We now see many large commercial insurers, such as AIG, Zurich, Allianz and QBE transacting with the legacy acquirers.

“The captives sector understands legacy a lot better now than 10 years ago when we first started focusing on this space.”

How can captives and captive owners learn more about legacy management?

Two key market associations provide education and skills development in the legacy space. In the UK and Europe there is the Insurance and Reinsurance Legacy Association, of which I was chairman from 2009 to 2019; in the US there is the Association of Insurance and Reinsurance Run-Off Companies.

Both have been valuable resources for the insurance sector over the last 20 years and would provide equal benefit to those in the captive insurance sector who would like to increase their knowledge about effective management of legacy liabilities.

Another key source is to attend the various captive market conferences such as the Captive Insurance Companies Association, the Vermont Captive Insurance Association, the World Captive Forum and the Bermuda and Cayman events.

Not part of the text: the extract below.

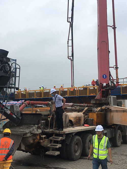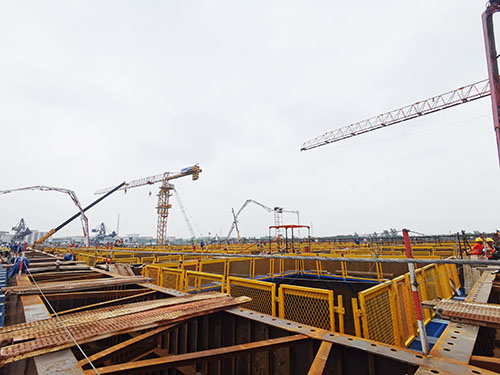 南京仙新路过江通道是南京“高快速路系统”的重要组成部分,预计2024年建成通车。主桥采用主跨1760m的单跨门型塔整体钢箱梁悬索桥结构,跨径目前在同类桥型中居国内第一、世界第二。该工程采用我公司新型聚羧酸系高性能减水剂。 6月22日上午9时许,在鞭炮齐鸣声中,中交二公局南京仙新路过江通道A4标北锚碇沉井首次浇筑正式拉开帷幕。沉井基础长70m、宽50m、高50m,沉井基础划分为9层接高完成施工,第一层8m为钢壳混凝土,第二至第九层42m为钢筋混凝土,共分为20个“井”孔进行施工。采用我公司新型分时段保坍型HLC-IX聚羧酸系高性能减水剂,实现了该项目高温环境混凝土2h坍落度损失小于20mm、优良的泵送性能以及初凝时间大于24h等技术要求。经过53小时的连续施工,首件浇筑顺利完成,混凝土共计浇筑约6400 m3。 主桥北锚碇第一次钢壳混凝土的顺利浇筑为后续锚体施工打下坚实基础。这是我公司又一次参建的跨江大桥之一,不久的将来,一桥飞架南北,天堑变通途。公司将继续以优质的产品和高效的服务为该工程提供有力支撑。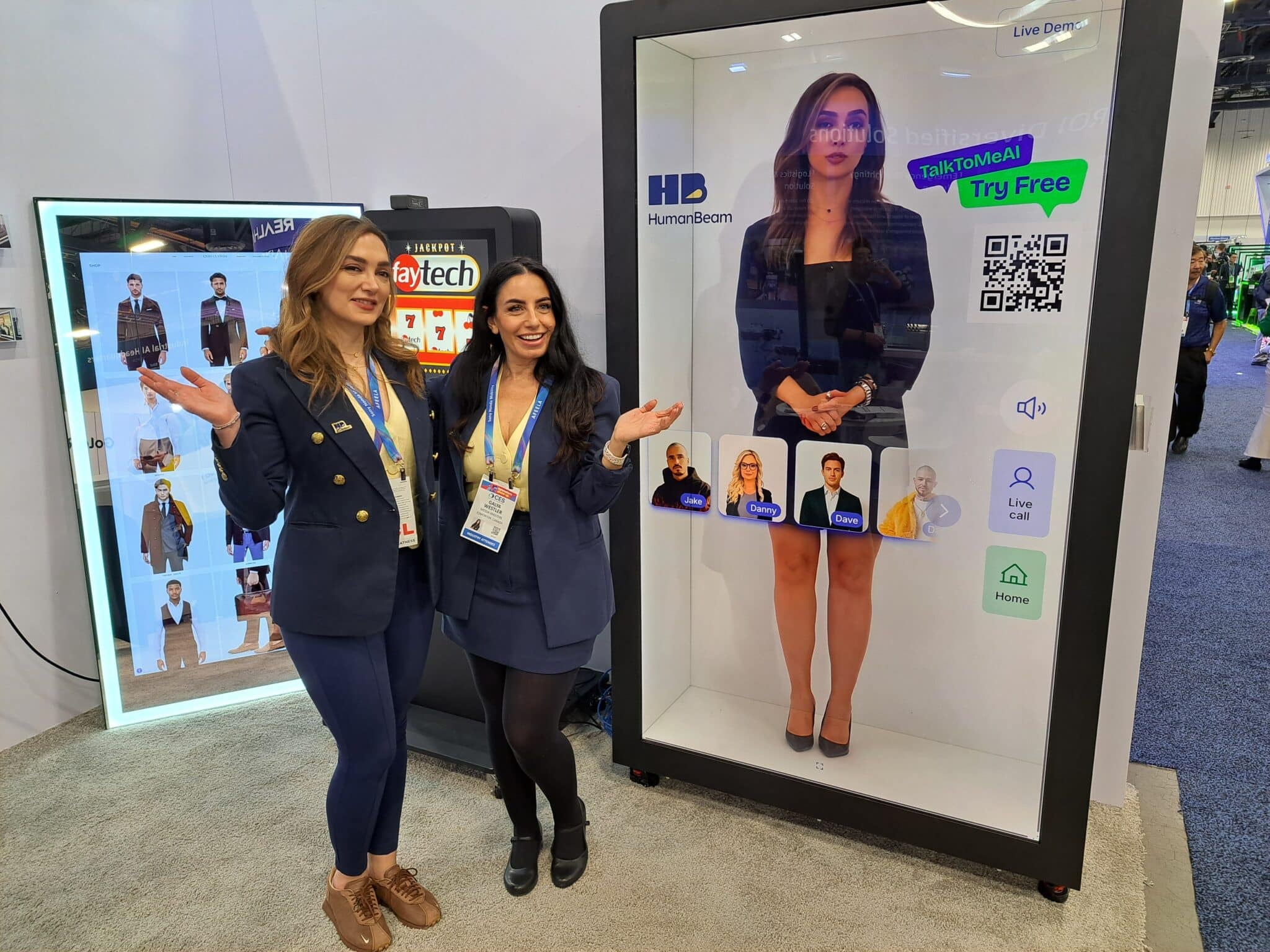 - Parisa Alinasab and Galya Westler introduce the HighBeam immersive 3D virtual assistant at the Faytech exhibit.

R&Q always attends such events and has developed long-lasting relationships across the sector. Education is key as it enables captives and their owners to make informed decisions about the management of their legacy.

That does not mean they have to transact with a legacy acquirer but simply have gone through the process to determine what route suits them. It is perfectly acceptable for the captive to continue managing its own legacy if that is the outcome of their analysis.

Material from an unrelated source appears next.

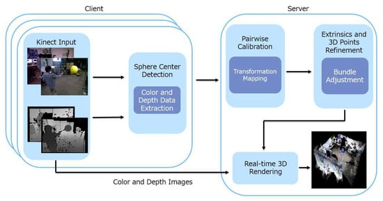The block diagram in Figure 1 shows the basic architecture and data flow of our proposed framework. Each RGB-D camera is controlled by a client process. The server process, which can be run on the same computer as the clients or a separate computer on the network, collects all necessary information from the clients to compute the extrinsic parameters. All the client processes and the server process are time-synchronized using the Network Time Protocol (NTP) with a time drift of less than 4 milliseconds []. While the accuracy of the extrinsic parameters could be measured with respect to ground truth data, the ultimate test is how well they can contribute to the 3D reconstruction of a real-world scene beyond the ground truth set. As such, our architecture is designed with this goal in mind and supports real-time 3D rendering: color and depth images are compressed and streamed to the server, which can use the previously-computed extrinsic parameters to perform 3D reconstruction in real time. Our framework applies to camera networks consisting of co-located depth-color cameras such as Kinect cameras. The main functional blocks in Figure 1 are as follows:

How much of R&Q’s work with captives involves repeat business versus one-off opportunities?

We are very fortunate to work with some great companies and people in the captives sector. We have had repeat business from a number of companies, such as AstraZeneca and AkzoNobel, although many like to remain anonymous. We also have referrals from non-executive directors where we have transacted with one company on which they are a board member and they say: “We did not know we could do this. I am on another board and they should consider a similar deal.”

One area of increasing interest is providing a rolling programme of assuming liabilities. We work with a number of captives where we assume liabilities over a certain age, say five years, and each year take on another tranche so that the captive is only ever carrying the liabilities from the last five underwriting years.

This is an effective way of recycling the capital from old years to support new years, or to avoid an increasing stack of collateral. R&Q takes on the collateral obligations associated with the assumed liabilities.

What advice do you have for captives thinking about working with a legacy/run-off provider?

The key advice is for the captive to be fully informed of the options available. R&Q has a very broad platform of solutions: within its group there are AM Best A-rated carriers in the US and Europe alongside consolidator vehicles in Bermuda, Cayman, Guernsey, the Isle of Man and Vermont.

We often see a captive or its representative come to us with a proposal which we do not believe is the right proposal for the captive. A key part of the transaction is having open dialogue with the captive to understand what it wants to achieve and then deliver the best solution to accomplish that.

R&Q is not the only legacy acquirer operating in the captives space, we have probably been doing it the longest, have the broadest capabilities and completed over 70 deals. A key determining factor for anyone transacting with the legacy market is the experience of the counterparty and its ability to deliver. Price is clearly a key consideration but so too are execution risk and reputation.

Key questions therefore are (i) have you done this before?; (ii) are you known to the regulator?; (iii) how will you handle the claims?; and, of course, (iv) how much will it cost me?

The legacy sector has developed considerably in recent years and many transactions are conducted giving benefit and efficiencies to the seller. The captives space is increasingly becoming aware of such benefits.

Paul Corver is group head of legacy M&A at R&Q.